WORK TASK:
Collect all lines from the records below that include the word "wall".

TASK INPUTS:
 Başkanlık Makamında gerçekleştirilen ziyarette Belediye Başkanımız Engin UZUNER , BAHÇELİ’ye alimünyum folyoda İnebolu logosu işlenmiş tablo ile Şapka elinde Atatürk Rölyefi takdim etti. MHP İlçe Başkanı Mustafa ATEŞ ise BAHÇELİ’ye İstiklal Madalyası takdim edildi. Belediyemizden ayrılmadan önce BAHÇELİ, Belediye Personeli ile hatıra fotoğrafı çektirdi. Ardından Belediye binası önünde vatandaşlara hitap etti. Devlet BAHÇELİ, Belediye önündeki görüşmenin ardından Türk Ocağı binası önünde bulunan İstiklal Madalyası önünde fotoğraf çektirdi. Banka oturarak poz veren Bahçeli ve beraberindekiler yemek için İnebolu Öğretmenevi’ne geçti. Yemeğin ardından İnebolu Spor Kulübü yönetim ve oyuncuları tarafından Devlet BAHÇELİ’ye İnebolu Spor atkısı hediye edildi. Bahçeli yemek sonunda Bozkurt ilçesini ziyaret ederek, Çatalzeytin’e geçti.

...

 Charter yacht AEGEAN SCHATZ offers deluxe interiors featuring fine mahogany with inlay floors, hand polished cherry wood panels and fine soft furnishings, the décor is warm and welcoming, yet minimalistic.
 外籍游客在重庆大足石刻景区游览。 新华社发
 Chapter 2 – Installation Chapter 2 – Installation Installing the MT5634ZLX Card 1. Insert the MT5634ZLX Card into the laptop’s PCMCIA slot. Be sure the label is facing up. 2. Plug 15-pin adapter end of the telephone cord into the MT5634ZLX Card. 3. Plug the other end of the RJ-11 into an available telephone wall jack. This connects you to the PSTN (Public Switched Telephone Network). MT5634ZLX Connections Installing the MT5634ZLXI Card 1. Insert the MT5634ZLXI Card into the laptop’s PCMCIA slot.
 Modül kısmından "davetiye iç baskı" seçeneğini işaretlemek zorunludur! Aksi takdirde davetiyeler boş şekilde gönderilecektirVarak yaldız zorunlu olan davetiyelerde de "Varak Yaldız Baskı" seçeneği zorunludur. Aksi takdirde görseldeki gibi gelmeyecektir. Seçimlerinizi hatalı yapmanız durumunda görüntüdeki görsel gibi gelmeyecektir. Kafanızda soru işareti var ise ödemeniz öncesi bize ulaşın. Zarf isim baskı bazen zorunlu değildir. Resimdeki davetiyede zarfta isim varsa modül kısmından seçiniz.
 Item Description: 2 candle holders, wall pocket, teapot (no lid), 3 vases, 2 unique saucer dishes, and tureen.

--

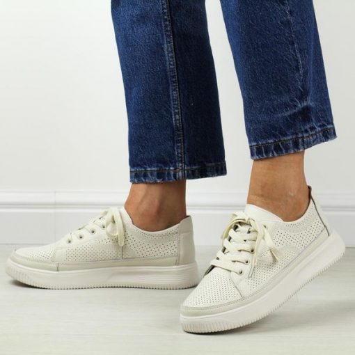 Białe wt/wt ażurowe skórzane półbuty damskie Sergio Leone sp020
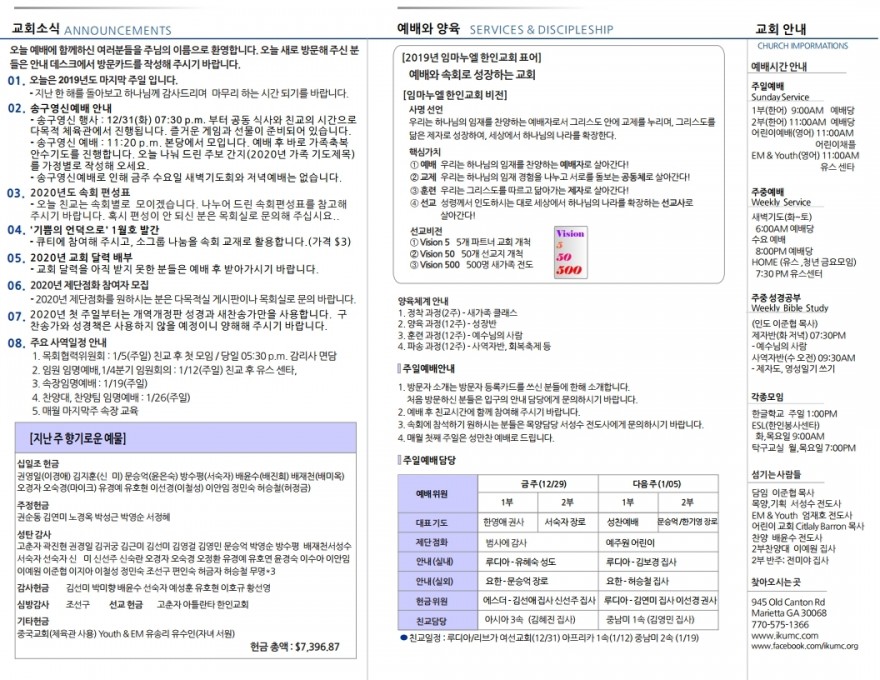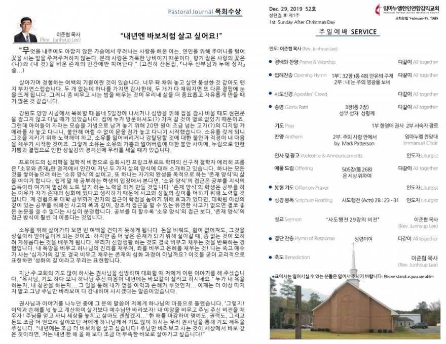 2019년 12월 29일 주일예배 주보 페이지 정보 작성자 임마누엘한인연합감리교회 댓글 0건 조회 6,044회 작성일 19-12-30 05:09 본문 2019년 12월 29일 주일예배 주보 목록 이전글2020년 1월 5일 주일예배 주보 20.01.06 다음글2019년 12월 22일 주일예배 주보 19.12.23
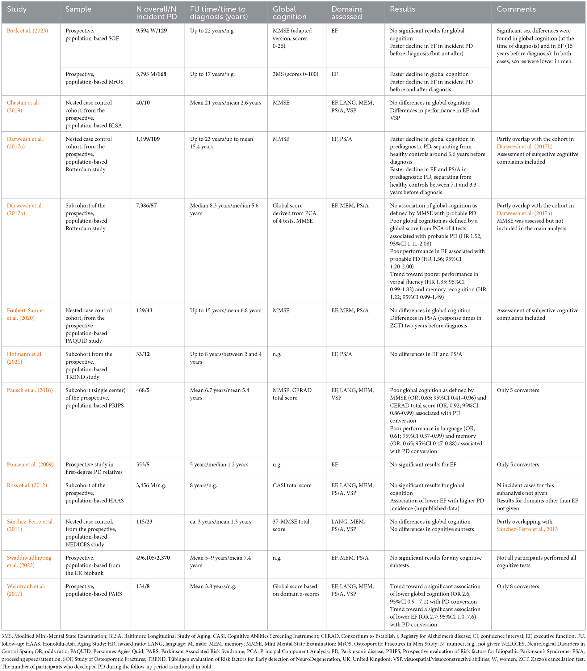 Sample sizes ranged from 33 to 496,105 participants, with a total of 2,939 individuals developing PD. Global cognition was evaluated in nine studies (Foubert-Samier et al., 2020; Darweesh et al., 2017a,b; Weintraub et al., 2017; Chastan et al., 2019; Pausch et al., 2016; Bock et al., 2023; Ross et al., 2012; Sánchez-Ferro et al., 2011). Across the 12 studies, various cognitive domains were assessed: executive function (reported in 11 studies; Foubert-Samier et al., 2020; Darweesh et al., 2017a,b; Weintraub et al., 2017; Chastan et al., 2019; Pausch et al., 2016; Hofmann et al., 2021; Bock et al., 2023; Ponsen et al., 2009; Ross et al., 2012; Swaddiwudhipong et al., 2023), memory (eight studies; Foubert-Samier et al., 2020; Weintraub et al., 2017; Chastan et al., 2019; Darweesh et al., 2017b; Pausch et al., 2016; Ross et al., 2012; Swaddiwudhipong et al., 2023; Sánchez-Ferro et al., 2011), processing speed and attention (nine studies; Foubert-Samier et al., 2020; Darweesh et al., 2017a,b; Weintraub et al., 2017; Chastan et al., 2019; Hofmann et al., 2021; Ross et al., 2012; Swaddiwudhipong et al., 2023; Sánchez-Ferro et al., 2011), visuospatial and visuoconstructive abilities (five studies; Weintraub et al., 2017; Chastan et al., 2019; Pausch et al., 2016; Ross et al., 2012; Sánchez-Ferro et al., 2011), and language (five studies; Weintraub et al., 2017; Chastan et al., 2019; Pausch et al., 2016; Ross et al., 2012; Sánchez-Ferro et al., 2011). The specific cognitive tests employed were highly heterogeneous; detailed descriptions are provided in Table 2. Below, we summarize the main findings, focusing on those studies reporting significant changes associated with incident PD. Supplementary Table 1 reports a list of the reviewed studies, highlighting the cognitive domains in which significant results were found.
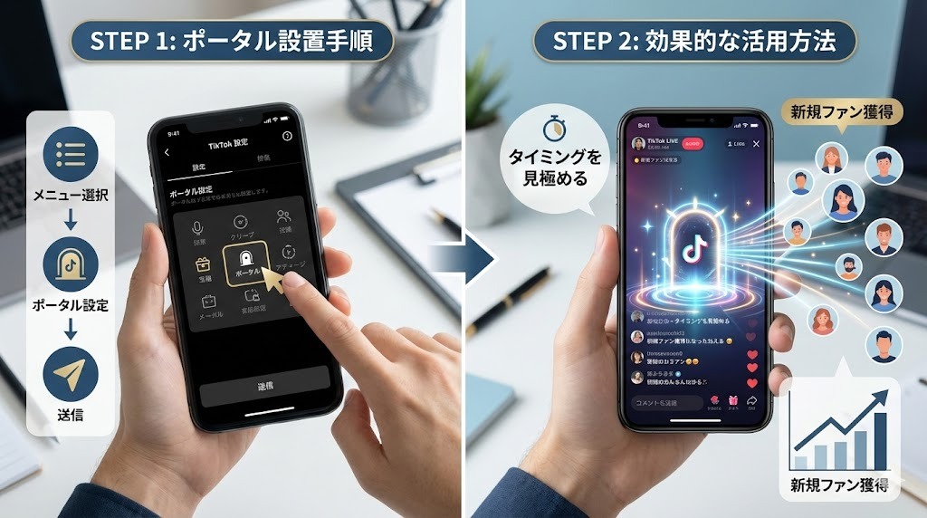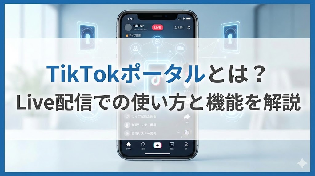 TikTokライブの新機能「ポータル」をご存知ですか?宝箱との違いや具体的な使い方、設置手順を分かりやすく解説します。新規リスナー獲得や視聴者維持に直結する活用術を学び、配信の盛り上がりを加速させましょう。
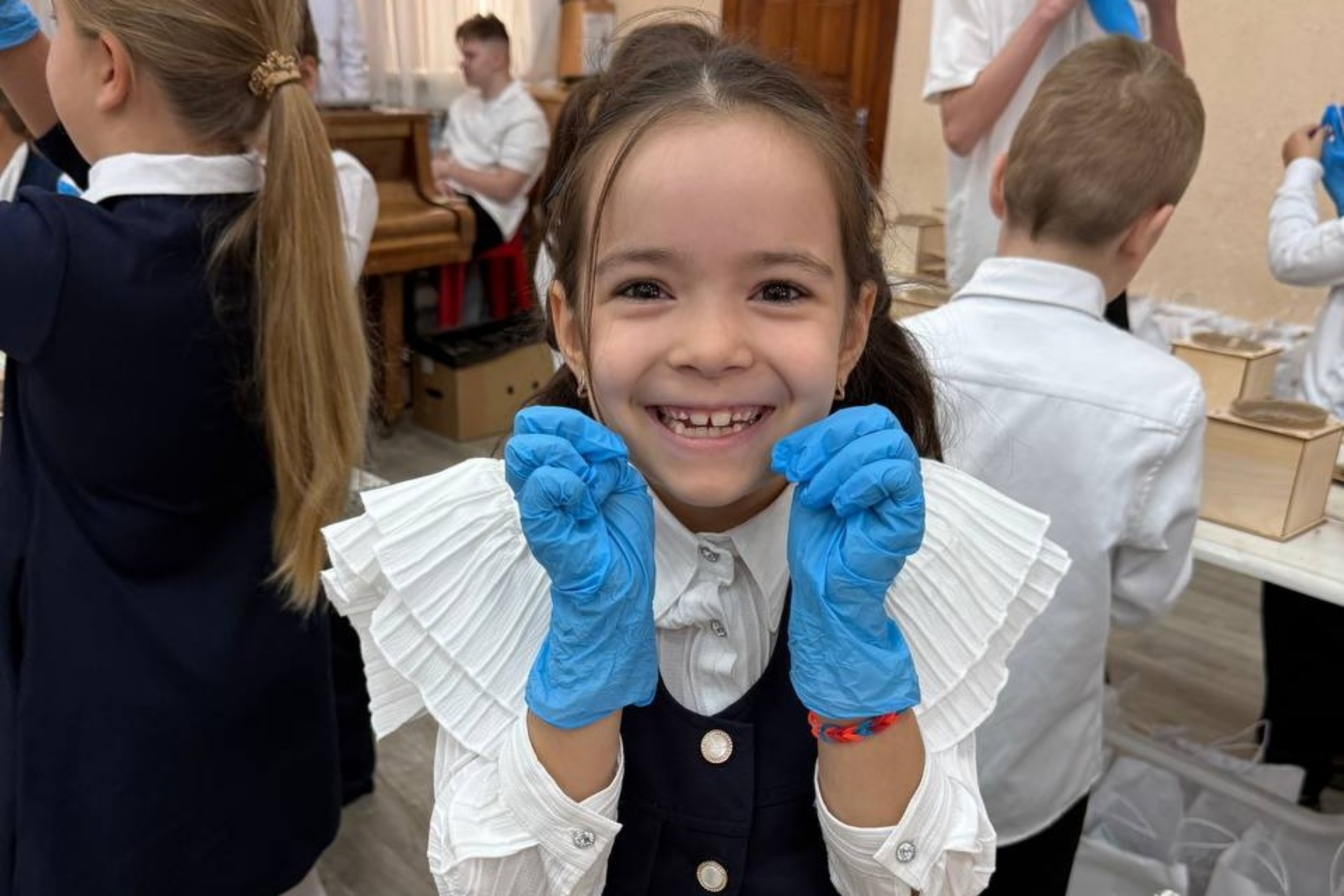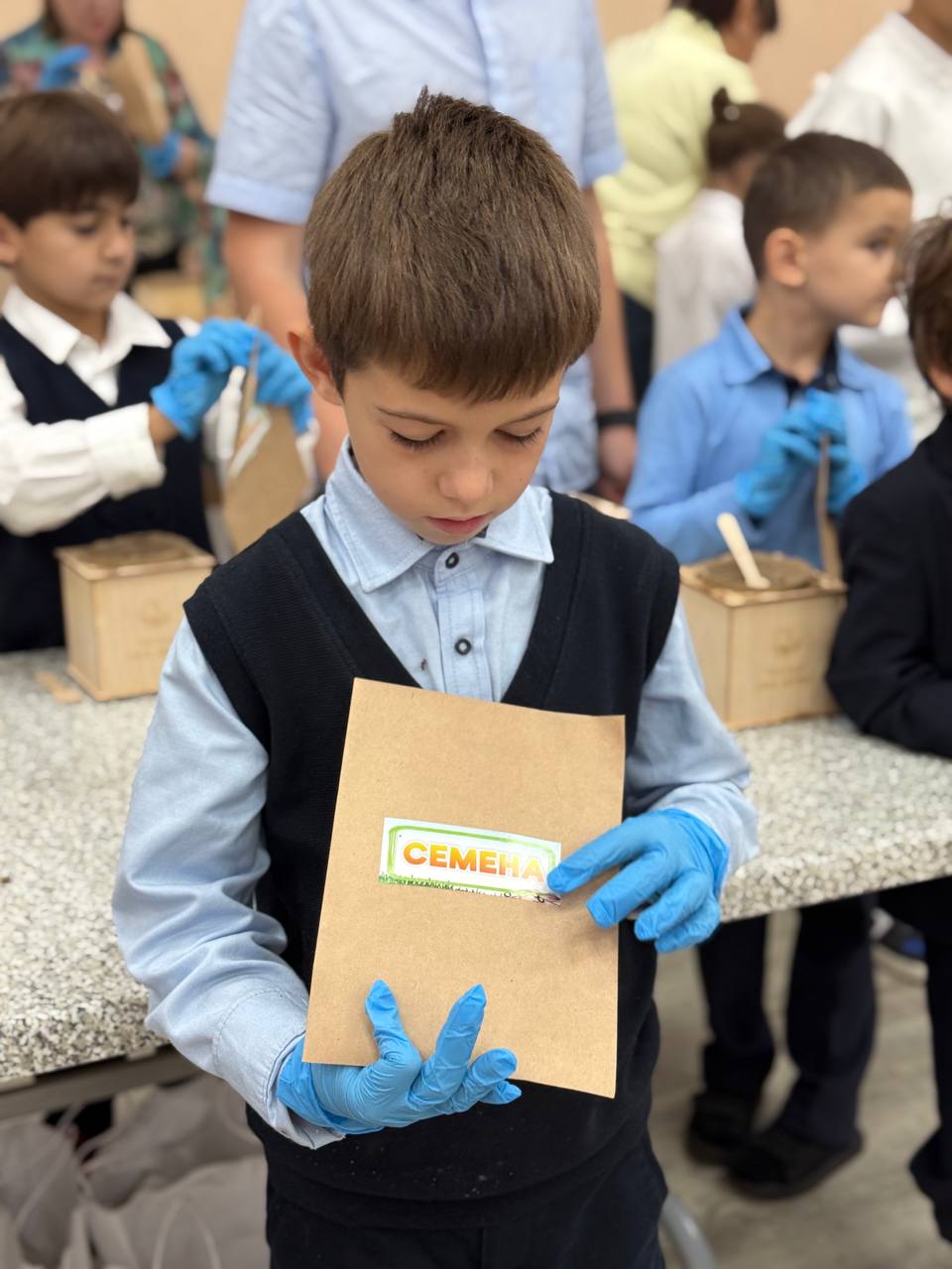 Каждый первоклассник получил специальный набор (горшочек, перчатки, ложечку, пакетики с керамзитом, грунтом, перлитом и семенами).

TASK RESULT:
 Chapter 2 – Installation Chapter 2 – Installation Installing the MT5634ZLX Card 1. Insert the MT5634ZLX Card into the laptop’s PCMCIA slot. Be sure the label is facing up. 2. Plug 15-pin adapter end of the telephone cord into the MT5634ZLX Card. 3. Plug the other end of the RJ-11 into an available telephone wall jack. This connects you to the PSTN (Public Switched Telephone Network). MT5634ZLX Connections Installing the MT5634ZLXI Card 1. Insert the MT5634ZLXI Card into the laptop’s PCMCIA slot.
 Item Description: 2 candle holders, wall pocket, teapot (no lid), 3 vases, 2 unique saucer dishes, and tureen.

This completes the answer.